Tuesday, February 25, 2020 - 12:30pm to Wednesday, February 26, 2020 - 1:55pm
Location: 
Solarium, FA2, Falconer Hall, 84 Queens Park

Critical Analysis of Law Workshop 

Presents:

 Ashwini Vasanthakumar
Queen's Law
 

Exiles as Stakeholders

 Tuesday February 25, 2020 
12:30pm - 2pm
Falconer Hall, 84 Queen's Park,
Solarium, FA2

Abstract: Exiles' political involvement in their countries of origin is often dismissed as interference from without, and exile diasporas as armchair revolutionaries who pursue a morally hazardous politics from afar. In this chapter, I examine the question of whether exiles are entitled to a say in the homeland, in what matters, and to what extent. This is a version of the general boundary problem in democratic theory. I introduce the boundary problem and discuss prominent solutions provided in the literature. I develop one such solution--Rainer Baubock's 'stakeholder principle'--and apply it to the context of exile and diaspora politics more generally. 

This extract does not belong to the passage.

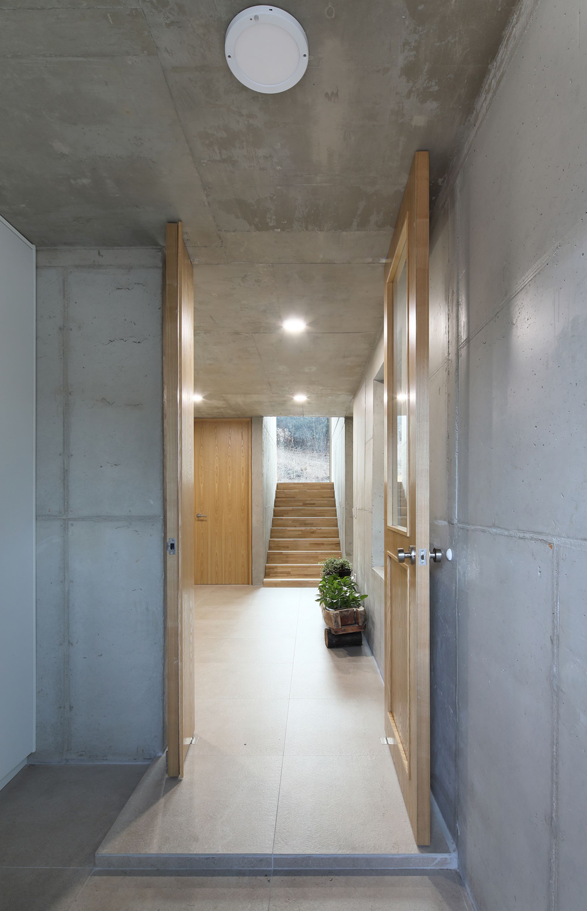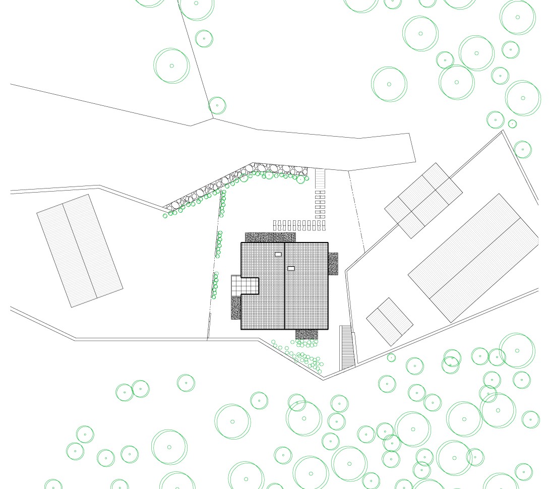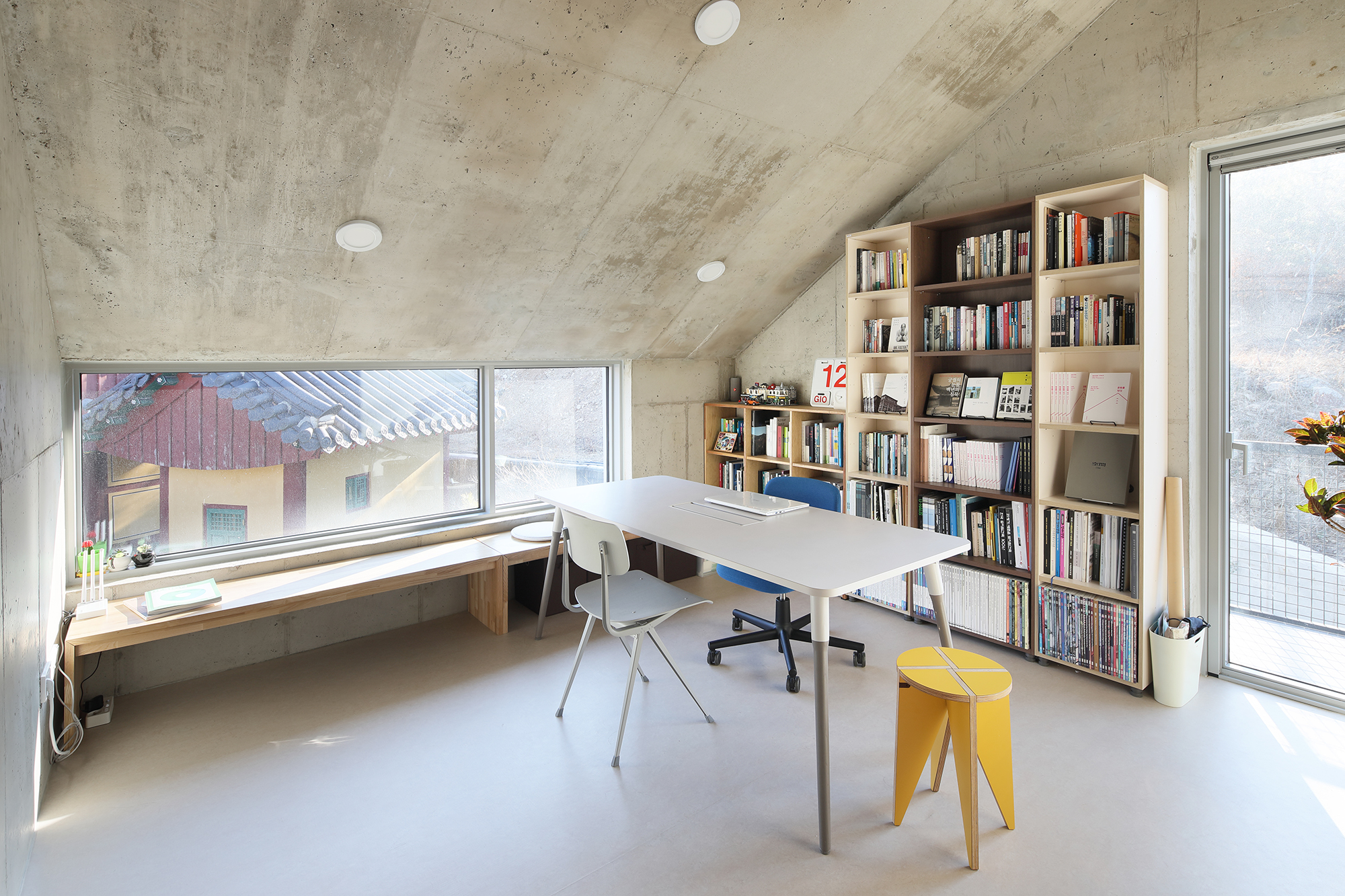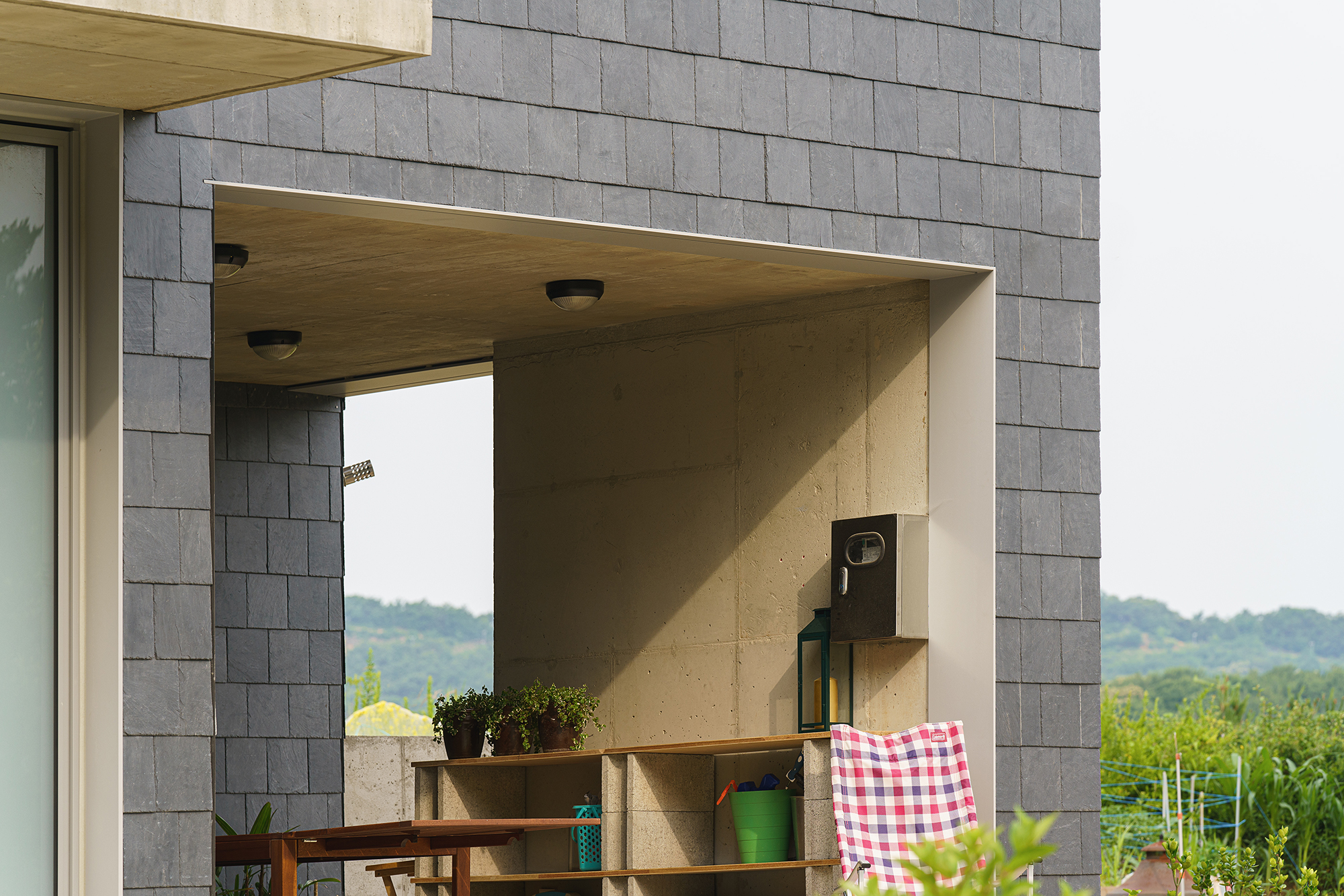 마을의 마지막에 자리한 대지는 집이면서 산자락이 시작되고, 오랫동안 마을을 지켜온 청주 한씨 종친회의 제실을 이웃으로 하며, 500년 된 약수터를 마주하고 있었다. 전통 건축과 자연을 해치지 않는 단순한 형태와 재료를 취해야 했다. 사방으로 외부를 고루 마주할 수 있는 정방형 박공지붕에 자연 재료와 돌, 콘크리트가 사용됐다. 5mm 두께의 얇은 돌은 ‘천연 슬레이트’라고 불리는 유럽의 전통 지붕 재료다. 우리의 너와집처럼 겹쳐 잇는 방법이다. 돌 자체에 숨어있는 금속성으로 보는 각도에 따라 반사를 이루며, 지붕과 외벽 전체를 덮고 있다.

Ashwini Vasanthakumar is Queen’s National Scholar in Legal and Political Philosophy at Queen’s Law School and a researcher at the Institute for Futures Studies in Stockholm. She holds an A.B from Harvard; an M.A from the University of Toronto; a J.D from Yale Law School; and a DPhil from Oxford, where she studied as a Canadian Rhodes Scholar. She comes to Queen’s from the School of Law, King’s College London. Her current research examines political authority and membership in the context of migration, focusing in particular on the relationship between migrants and the political communities they have left. Her monograph, The Ethics of Exile: a political theory of diaspora, is under contract with Oxford University Press. Related research explores the boundary problem in democratic theory, privatisation, and victims’ and bystanders’ duties in the context of oppression. She also has research interests in comparative constitutionalism, especially in the ‘global South,’ and in global governance and non-state actors.